Shared File System Setup for SageMaker HyperPod (EKS)

Why Shared File Systems Matter

A high-performance shared file system is critical for achieving optimal performance in distributed machine learning workloads on SageMaker HyperPod. Without proper shared storage, your training jobs will be severely bottlenecked by data I/O operations.

Performance Impact

  • Data Loading Bottlenecks: Without shared storage, each pod must independently load training data, creating massive I/O overhead
  • Checkpoint Synchronization: Model checkpoints and intermediate results need fast, consistent access across all pods
  • Memory Efficiency: Shared file systems enable efficient data caching and reduce memory pressure on individual pods
  • Scaling Limitations: Local storage approaches fail to scale beyond single-pod training

FSx for Lustre Benefits

Amazon FSx for Lustre is specifically designed for high-performance computing workloads and provides:

  • High Throughput: Up to hundreds of GB/s of aggregate throughput
  • Low Latency: Sub-millisecond latencies for small file operations
  • POSIX Compliance: Standard file system semantics that work with existing ML frameworks
  • S3 Integration: Seamless data repository associations with Amazon S3
  • Elastic Scaling: Storage capacity that can grow with your workload demands

Setup Options

Option 1: Auto-Provisioned (Console Quick Setup)

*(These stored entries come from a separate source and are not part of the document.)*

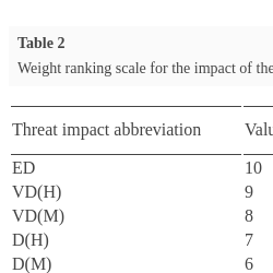 The experts were requested to rate the main threats according to linguistic significance scale. Finally, linguistic variables are converted to fuzzy numbers and ranks determined (Tables
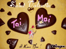 A Valentine's Day card with chocolate hearts, a Cupid, and the message 'You & Me, I Love You!'
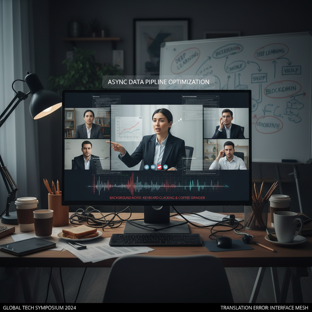 Konferencja online z wieloma rozmówcami, trudne warunki dźwiękowe i żargon – wyzwania dla transkrypcji AI.
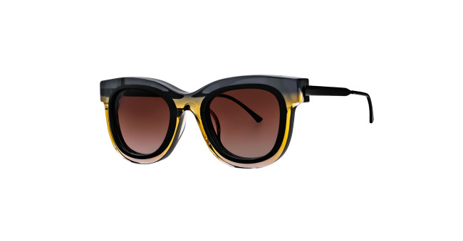 Flat fronts give a futuristic twist to traditional shapes. Layered acetate blocks are inspired by sculpture more than traditional eyewear making techniques. Thierry Lasry sunglasses and opticals features clear lines, surprising color and no outside logos.
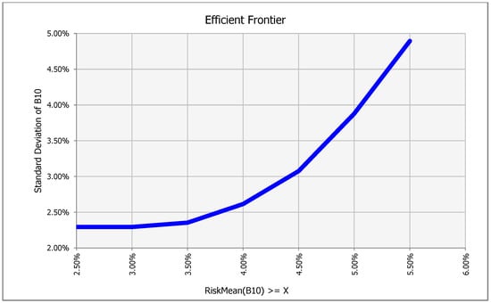 All the above-mentioned parameters were used in our model for the maximization of mean of EVA and minimization of std of EVA; we also produced the appropriate efficient frontiers curves. A similar approach is provided by  () for stock portfolios, and we contribute by implementing the approach with real estate portfolios. In every trial for calculation, the Monte Carlo Simulation ran for every input variable, and we estimated the mean and std for different levels of risk and return, respectively, and we provided the efficient frontiers curves, which are not significantly diversified in previous studies that used portfolios of stock assets, as in the work of  (). We used property assets with a similar procedure as provided by  (). Finally, we summarized the implications of our study and our conclusions, respectively. More detailed analysis is provided in the following sections of our study.
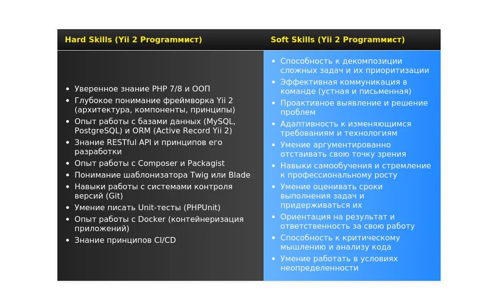 - Точность: Избегайте общих формулировок вроде "Программист" или "Web-разработчик". Укажите конкретно "Yii 2".
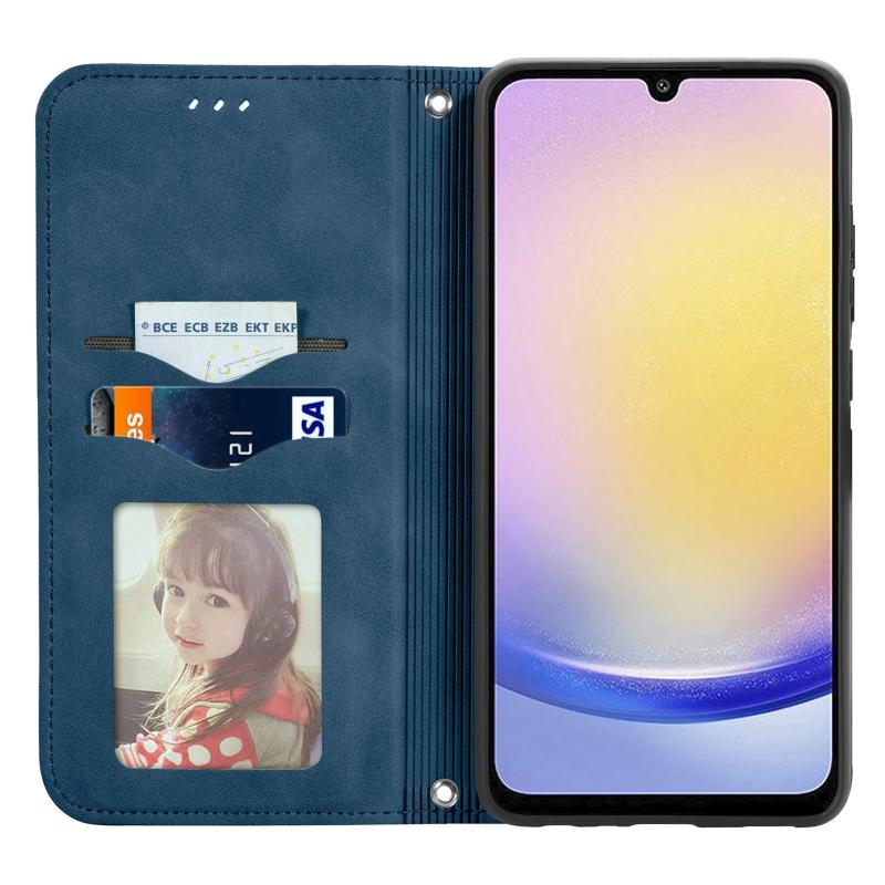 For Samsung Galaxy A25 5G Retro Skin Feel Magnetic Leather Phone Case(Blue)
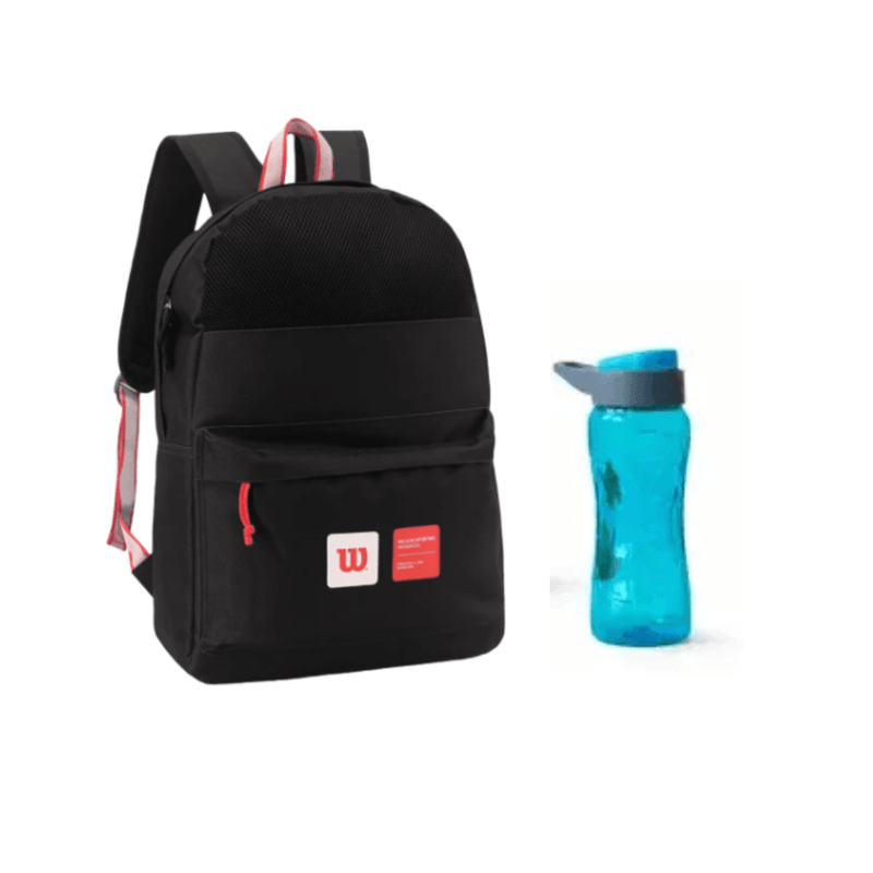 Este práctico combo es ideal para el día a día, combinando funcionalidad, diseño y comodidad. Incluye una mochila Wilson urbana reforzada, perfecta para oficina, trabajo o universidad, con amplio espacio interior, compartimento para notebook y un diseño resistente pensado para el uso diario. La mochila se encuentra disponible en colores negro, azul y rojo, los cuales se entregan según disponibilidad, sin elección de color. El set se completa con una botella plástica reutilizable, liviana y cómoda para transportar, ideal para mantenerte hidratado en cualquier momento del día. La botella está disponible en colores verde, azul, entre otros, también sujetos a disponibilidad y sin posibilidad de elección. Un combo versátil y funcional, ideal para estudio, trabajo o actividades diarias.
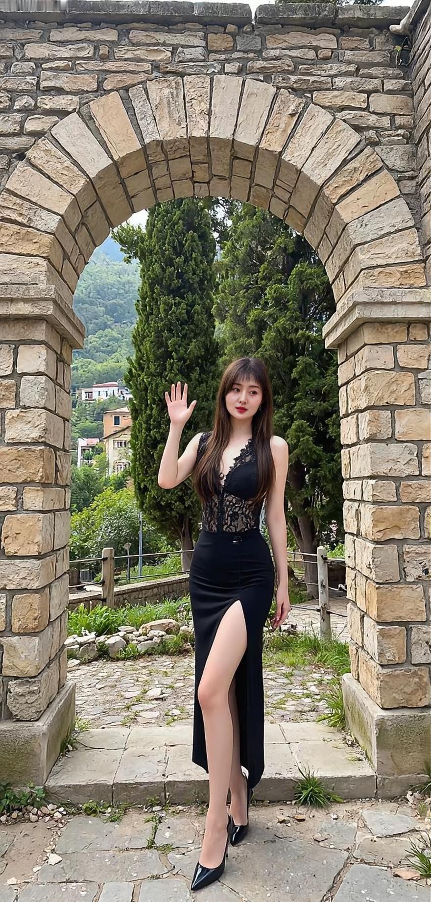 优雅黑裙,石拱门下,绿意盎然,时尚与自然的完美融合。

When you create a HyperPod cluster through the AWS Console using the Quick Setup path, FSx for Lustre is automatically provisioned and configured for you.

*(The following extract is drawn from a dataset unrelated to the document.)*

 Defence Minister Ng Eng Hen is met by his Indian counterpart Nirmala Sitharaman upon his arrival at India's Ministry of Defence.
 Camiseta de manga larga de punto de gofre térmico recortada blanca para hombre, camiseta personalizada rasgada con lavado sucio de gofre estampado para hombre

What Gets Created Automatically

The console automatically provisions:

  • FSx for Lustre file system with optimal performance settings
  • Proper networking configuration in the same VPC and subnet as your cluster
  • Security group rules allowing NFS traffic between cluster nodes and FSx
  • FSx CSI driver installation for Kubernetes integration
  • Storage classes and persistent volumes ready for use in pods
  • IAM permissions for the cluster to access the file system

Verification Steps

After your cluster reaches InService status, verify FSx is properly configured:

  1. Check FSx CSI driver installation:

    kubectl get pods -n kube-system -l app.kubernetes.io/name=aws-fsx-csi-driver
  2. Verify storage class:

    kubectl get storageclass | grep fsx
  3. Test with a sample pod:

    cat <<EOF | kubectl apply -f -
    apiVersion: v1
    kind: Pod
    metadata:
    name: fsx-test
    spec:
    containers:
    - name: test
    image: ubuntu
    command: ["/bin/sh", "-c", "echo 'Hello FSx' > /data/test.txt && cat /data/test.txt && sleep 3600"]
    volumeMounts:
    - name: fsx-storage
    mountPath: /data
    volumes:
    - name: fsx-storage
    persistentVolumeClaim:
    claimName: fsx-claim
    EOF

Option 2: Manual Setup (Dynamic Provisioning)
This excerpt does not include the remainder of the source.